Problem to work on:
Only lines that contain the word "estilo" belong in the answer; copy them from the records below.

Stored entries:
___

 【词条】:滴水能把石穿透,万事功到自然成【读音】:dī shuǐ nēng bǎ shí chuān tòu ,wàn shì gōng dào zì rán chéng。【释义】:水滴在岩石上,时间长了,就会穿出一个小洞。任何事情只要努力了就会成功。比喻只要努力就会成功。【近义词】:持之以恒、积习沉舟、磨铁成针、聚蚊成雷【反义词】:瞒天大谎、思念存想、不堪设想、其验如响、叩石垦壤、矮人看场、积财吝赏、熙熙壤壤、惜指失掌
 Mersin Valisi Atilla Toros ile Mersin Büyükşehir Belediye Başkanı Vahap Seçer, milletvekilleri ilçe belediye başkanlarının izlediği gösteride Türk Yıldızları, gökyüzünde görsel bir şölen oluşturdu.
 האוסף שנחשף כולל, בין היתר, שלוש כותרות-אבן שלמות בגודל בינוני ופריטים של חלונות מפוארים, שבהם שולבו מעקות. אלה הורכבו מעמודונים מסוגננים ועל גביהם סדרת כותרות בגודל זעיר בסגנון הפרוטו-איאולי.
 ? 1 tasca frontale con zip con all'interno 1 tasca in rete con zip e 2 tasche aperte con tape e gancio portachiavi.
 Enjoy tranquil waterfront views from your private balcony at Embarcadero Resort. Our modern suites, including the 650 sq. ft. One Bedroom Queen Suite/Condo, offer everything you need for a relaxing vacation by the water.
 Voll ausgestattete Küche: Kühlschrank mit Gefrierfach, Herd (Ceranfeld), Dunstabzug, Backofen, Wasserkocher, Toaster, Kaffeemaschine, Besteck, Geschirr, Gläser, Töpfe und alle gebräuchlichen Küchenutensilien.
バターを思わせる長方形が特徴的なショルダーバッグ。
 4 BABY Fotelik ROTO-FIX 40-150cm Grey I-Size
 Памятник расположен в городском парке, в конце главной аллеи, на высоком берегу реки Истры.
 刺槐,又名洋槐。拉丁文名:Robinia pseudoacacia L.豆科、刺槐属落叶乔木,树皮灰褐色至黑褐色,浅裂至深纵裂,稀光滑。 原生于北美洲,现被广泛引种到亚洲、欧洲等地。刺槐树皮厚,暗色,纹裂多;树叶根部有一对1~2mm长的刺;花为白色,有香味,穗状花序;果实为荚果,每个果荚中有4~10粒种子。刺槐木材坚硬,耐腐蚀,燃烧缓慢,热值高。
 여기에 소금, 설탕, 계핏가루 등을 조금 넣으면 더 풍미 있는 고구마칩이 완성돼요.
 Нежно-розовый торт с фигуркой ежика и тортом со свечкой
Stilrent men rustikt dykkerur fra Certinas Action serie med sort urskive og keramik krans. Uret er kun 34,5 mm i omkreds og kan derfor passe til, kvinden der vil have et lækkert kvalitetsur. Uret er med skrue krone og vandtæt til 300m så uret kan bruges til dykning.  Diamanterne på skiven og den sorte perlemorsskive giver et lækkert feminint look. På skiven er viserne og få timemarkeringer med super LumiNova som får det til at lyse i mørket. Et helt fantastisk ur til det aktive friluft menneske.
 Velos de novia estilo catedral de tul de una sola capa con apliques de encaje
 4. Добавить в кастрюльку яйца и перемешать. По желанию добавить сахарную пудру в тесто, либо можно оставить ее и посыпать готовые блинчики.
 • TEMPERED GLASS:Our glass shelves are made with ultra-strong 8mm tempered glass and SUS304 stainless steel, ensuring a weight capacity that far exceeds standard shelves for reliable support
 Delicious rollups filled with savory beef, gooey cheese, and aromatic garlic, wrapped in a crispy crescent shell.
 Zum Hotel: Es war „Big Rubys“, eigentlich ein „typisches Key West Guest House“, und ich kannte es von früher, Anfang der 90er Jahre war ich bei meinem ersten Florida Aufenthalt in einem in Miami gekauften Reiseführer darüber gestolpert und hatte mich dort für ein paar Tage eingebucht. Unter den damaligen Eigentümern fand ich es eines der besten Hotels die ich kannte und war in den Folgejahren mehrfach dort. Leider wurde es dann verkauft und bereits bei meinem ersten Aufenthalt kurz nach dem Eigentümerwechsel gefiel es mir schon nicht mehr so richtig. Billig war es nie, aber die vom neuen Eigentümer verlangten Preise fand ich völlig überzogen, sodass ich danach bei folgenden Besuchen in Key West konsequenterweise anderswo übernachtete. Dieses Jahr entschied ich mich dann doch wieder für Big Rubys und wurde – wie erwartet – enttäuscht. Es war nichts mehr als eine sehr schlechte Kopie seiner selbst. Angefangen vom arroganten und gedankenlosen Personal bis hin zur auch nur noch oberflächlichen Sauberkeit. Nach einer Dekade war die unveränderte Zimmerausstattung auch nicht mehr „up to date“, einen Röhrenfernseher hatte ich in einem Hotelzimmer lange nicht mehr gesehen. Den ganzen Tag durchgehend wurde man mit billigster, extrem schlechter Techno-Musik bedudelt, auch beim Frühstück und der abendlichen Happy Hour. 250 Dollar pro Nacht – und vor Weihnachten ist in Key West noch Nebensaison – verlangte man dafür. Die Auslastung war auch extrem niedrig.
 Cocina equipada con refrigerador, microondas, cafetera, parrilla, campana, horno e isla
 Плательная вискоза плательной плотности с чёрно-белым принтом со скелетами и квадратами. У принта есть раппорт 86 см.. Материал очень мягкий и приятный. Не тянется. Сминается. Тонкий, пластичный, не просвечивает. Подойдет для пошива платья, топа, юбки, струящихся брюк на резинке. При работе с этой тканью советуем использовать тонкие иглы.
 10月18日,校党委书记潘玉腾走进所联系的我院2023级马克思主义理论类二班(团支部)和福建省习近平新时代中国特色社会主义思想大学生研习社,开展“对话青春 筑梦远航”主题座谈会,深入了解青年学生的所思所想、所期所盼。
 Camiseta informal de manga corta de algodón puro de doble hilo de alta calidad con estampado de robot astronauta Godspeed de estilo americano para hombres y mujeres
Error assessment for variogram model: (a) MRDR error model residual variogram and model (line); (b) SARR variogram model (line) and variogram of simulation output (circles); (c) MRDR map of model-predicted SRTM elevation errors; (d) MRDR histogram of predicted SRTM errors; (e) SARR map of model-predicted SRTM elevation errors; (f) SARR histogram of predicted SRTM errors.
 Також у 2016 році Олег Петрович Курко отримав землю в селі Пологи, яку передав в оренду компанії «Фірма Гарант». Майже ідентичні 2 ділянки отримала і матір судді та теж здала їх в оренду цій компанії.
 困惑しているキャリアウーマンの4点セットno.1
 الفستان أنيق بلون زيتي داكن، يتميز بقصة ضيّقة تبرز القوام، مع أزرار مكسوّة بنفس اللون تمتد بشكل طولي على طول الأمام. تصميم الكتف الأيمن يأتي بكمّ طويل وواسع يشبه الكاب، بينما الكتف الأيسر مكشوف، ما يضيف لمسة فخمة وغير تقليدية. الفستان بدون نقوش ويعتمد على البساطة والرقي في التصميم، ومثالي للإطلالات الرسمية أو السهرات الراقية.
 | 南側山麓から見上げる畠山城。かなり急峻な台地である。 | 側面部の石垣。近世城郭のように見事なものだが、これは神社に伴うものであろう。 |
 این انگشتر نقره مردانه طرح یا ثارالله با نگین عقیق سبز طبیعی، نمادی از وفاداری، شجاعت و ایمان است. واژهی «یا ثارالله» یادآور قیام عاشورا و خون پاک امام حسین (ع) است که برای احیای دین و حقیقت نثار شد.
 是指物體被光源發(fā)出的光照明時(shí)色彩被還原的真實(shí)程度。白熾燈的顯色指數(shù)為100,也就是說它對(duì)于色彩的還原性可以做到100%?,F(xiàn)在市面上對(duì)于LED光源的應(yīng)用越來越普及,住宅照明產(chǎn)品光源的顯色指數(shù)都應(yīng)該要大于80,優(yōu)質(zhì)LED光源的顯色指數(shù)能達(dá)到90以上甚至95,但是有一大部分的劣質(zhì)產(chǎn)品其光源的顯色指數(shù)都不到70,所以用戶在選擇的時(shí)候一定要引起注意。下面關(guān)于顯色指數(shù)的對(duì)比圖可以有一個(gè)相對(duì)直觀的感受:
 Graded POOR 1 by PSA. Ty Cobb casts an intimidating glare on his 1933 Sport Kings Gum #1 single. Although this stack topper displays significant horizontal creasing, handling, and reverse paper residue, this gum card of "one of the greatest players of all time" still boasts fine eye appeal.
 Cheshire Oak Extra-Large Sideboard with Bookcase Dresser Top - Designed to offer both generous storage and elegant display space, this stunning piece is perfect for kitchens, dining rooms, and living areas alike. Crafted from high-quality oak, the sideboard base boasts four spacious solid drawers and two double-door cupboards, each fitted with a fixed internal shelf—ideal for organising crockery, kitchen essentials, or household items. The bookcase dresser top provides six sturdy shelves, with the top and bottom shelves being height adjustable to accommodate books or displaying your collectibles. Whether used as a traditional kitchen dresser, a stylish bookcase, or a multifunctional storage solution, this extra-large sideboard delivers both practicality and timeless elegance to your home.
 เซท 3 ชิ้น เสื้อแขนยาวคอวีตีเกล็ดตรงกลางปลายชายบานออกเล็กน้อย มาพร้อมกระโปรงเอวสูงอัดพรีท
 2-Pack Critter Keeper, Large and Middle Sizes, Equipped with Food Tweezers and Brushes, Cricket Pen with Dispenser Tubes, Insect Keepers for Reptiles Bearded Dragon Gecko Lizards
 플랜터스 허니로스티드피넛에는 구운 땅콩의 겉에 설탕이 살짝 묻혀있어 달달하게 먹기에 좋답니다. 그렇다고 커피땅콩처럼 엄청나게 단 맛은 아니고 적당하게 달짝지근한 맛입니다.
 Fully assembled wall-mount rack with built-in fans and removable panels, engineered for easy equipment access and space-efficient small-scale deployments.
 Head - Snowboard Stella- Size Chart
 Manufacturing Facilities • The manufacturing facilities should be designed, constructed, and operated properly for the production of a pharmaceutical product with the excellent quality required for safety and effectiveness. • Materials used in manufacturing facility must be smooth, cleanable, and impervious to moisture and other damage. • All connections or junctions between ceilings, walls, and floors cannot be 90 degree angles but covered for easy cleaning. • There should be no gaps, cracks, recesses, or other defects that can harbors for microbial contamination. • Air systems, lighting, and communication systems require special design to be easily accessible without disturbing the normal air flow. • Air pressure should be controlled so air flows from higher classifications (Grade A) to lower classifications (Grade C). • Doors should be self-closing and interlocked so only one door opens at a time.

___

Solution to this exercise:
 Velos de novia estilo catedral de tul de una sola capa con apliques de encaje
 Camiseta informal de manga corta de algodón puro de doble hilo de alta calidad con estampado de robot astronauta Godspeed de estilo americano para hombres y mujeres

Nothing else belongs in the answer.